Excerpts from a dataset:
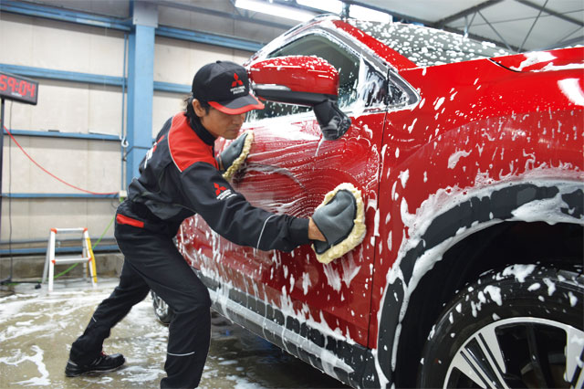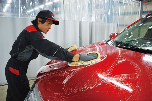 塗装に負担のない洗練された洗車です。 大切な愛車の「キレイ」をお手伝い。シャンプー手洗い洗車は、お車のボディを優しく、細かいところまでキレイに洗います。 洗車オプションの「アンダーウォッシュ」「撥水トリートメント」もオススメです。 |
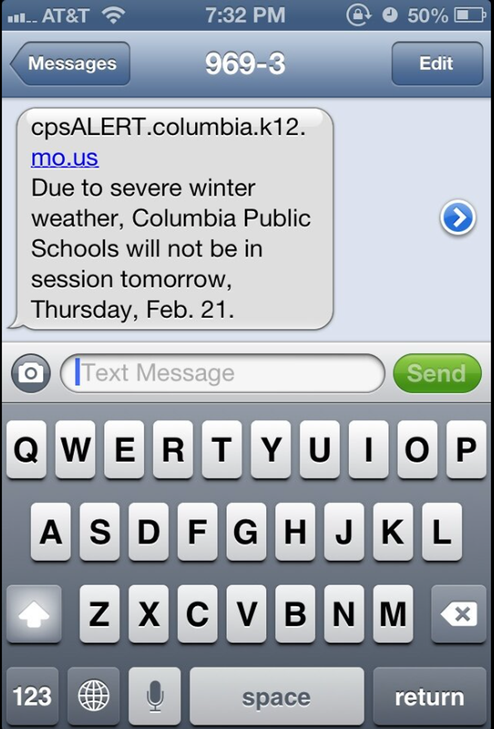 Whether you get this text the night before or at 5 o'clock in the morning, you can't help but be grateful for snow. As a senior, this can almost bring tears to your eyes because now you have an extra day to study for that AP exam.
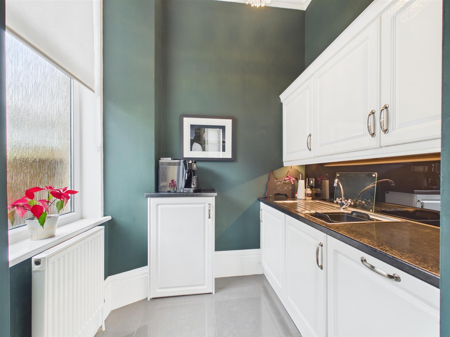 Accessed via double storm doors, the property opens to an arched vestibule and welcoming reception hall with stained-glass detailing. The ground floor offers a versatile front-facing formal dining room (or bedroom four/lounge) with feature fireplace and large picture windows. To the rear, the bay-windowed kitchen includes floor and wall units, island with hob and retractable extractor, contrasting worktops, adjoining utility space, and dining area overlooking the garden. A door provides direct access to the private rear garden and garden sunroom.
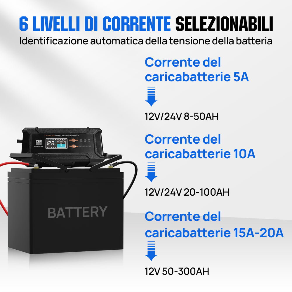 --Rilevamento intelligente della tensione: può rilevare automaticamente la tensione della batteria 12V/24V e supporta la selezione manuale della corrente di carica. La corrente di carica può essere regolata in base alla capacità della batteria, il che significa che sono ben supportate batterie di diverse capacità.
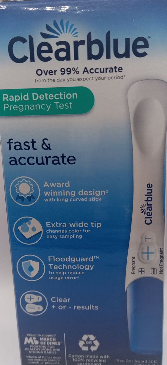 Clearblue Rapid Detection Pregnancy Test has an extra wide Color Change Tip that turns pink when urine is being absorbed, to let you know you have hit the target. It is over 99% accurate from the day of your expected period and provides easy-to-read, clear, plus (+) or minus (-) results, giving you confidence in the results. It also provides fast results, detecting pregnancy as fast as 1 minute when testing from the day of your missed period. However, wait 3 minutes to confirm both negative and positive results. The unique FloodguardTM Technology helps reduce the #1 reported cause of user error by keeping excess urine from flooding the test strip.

Your assignment:
An exact copy of the lines from the one with "--Rilevamento intelligente della" through the end of the entries above, both included, is the whole answer. It contains no pictures.

Expected answer:
 --Rilevamento intelligente della tensione: può rilevare automaticamente la tensione della batteria 12V/24V e supporta la selezione manuale della corrente di carica. La corrente di carica può essere regolata in base alla capacità della batteria, il che significa che sono ben supportate batterie di diverse capacità.
 Clearblue Rapid Detection Pregnancy Test has an extra wide Color Change Tip that turns pink when urine is being absorbed, to let you know you have hit the target. It is over 99% accurate from the day of your expected period and provides easy-to-read, clear, plus (+) or minus (-) results, giving you confidence in the results. It also provides fast results, detecting pregnancy as fast as 1 minute when testing from the day of your missed period. However, wait 3 minutes to confirm both negative and positive results. The unique FloodguardTM Technology helps reduce the #1 reported cause of user error by keeping excess urine from flooding the test strip.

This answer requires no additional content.